**Exercise instructions**
With the pictures left out, copy the listing below exactly.

**Provided material**
------------------------------

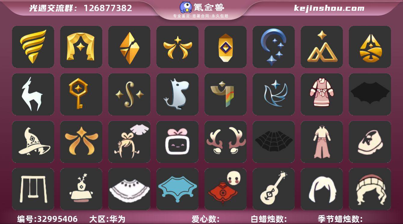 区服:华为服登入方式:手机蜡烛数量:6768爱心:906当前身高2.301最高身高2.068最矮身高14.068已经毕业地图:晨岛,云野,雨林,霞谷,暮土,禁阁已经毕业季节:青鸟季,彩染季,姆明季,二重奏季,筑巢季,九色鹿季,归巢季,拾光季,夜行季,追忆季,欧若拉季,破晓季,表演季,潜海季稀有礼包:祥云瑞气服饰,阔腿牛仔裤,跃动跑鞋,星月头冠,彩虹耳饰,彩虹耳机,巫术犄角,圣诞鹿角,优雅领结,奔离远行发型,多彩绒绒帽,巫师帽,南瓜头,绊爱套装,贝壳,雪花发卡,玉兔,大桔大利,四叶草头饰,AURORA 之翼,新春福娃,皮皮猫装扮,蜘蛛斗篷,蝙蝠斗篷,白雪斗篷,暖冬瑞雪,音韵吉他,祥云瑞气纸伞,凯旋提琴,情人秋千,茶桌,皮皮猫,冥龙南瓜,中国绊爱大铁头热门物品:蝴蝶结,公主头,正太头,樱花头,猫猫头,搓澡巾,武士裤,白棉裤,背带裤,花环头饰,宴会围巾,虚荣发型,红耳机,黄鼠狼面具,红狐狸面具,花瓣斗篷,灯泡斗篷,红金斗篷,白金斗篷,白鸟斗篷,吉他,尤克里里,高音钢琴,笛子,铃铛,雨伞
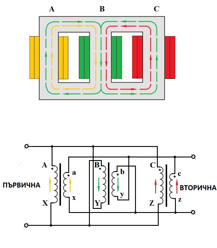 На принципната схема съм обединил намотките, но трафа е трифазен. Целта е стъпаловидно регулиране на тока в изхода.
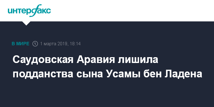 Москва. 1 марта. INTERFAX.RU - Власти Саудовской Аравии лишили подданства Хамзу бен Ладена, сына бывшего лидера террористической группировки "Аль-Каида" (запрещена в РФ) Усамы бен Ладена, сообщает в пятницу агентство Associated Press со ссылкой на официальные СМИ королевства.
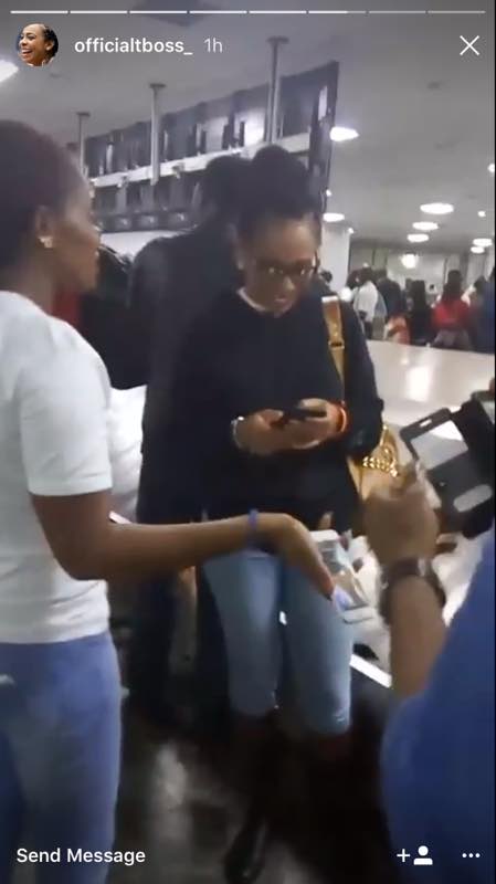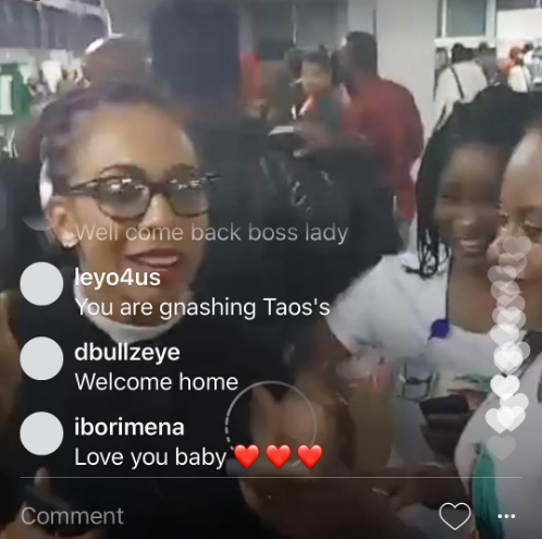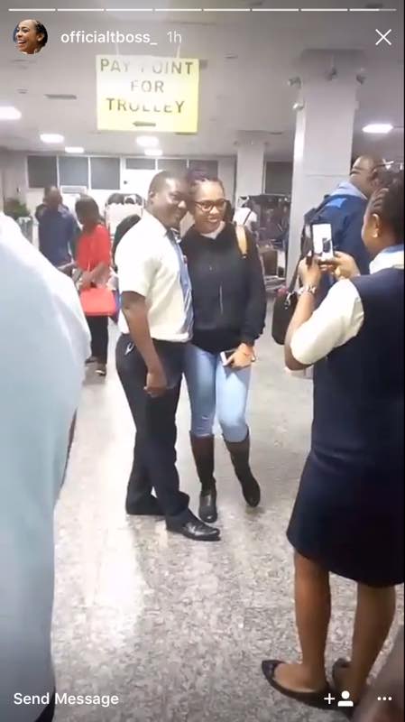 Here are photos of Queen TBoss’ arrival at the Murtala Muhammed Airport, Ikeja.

------------------------------

**Written response**
 区服:华为服登入方式:手机蜡烛数量:6768爱心:906当前身高2.301最高身高2.068最矮身高14.068已经毕业地图:晨岛,云野,雨林,霞谷,暮土,禁阁已经毕业季节:青鸟季,彩染季,姆明季,二重奏季,筑巢季,九色鹿季,归巢季,拾光季,夜行季,追忆季,欧若拉季,破晓季,表演季,潜海季稀有礼包:祥云瑞气服饰,阔腿牛仔裤,跃动跑鞋,星月头冠,彩虹耳饰,彩虹耳机,巫术犄角,圣诞鹿角,优雅领结,奔离远行发型,多彩绒绒帽,巫师帽,南瓜头,绊爱套装,贝壳,雪花发卡,玉兔,大桔大利,四叶草头饰,AURORA 之翼,新春福娃,皮皮猫装扮,蜘蛛斗篷,蝙蝠斗篷,白雪斗篷,暖冬瑞雪,音韵吉他,祥云瑞气纸伞,凯旋提琴,情人秋千,茶桌,皮皮猫,冥龙南瓜,中国绊爱大铁头热门物品:蝴蝶结,公主头,正太头,樱花头,猫猫头,搓澡巾,武士裤,白棉裤,背带裤,花环头饰,宴会围巾,虚荣发型,红耳机,黄鼠狼面具,红狐狸面具,花瓣斗篷,灯泡斗篷,红金斗篷,白金斗篷,白鸟斗篷,吉他,尤克里里,高音钢琴,笛子,铃铛,雨伞
 На принципната схема съм обединил намотките, но трафа е трифазен. Целта е стъпаловидно регулиране на тока в изхода.
 Москва. 1 марта. INTERFAX.RU - Власти Саудовской Аравии лишили подданства Хамзу бен Ладена, сына бывшего лидера террористической группировки "Аль-Каида" (запрещена в РФ) Усамы бен Ладена, сообщает в пятницу агентство Associated Press со ссылкой на официальные СМИ королевства.
 Here are photos of Queen TBoss’ arrival at the Murtala Muhammed Airport, Ikeja.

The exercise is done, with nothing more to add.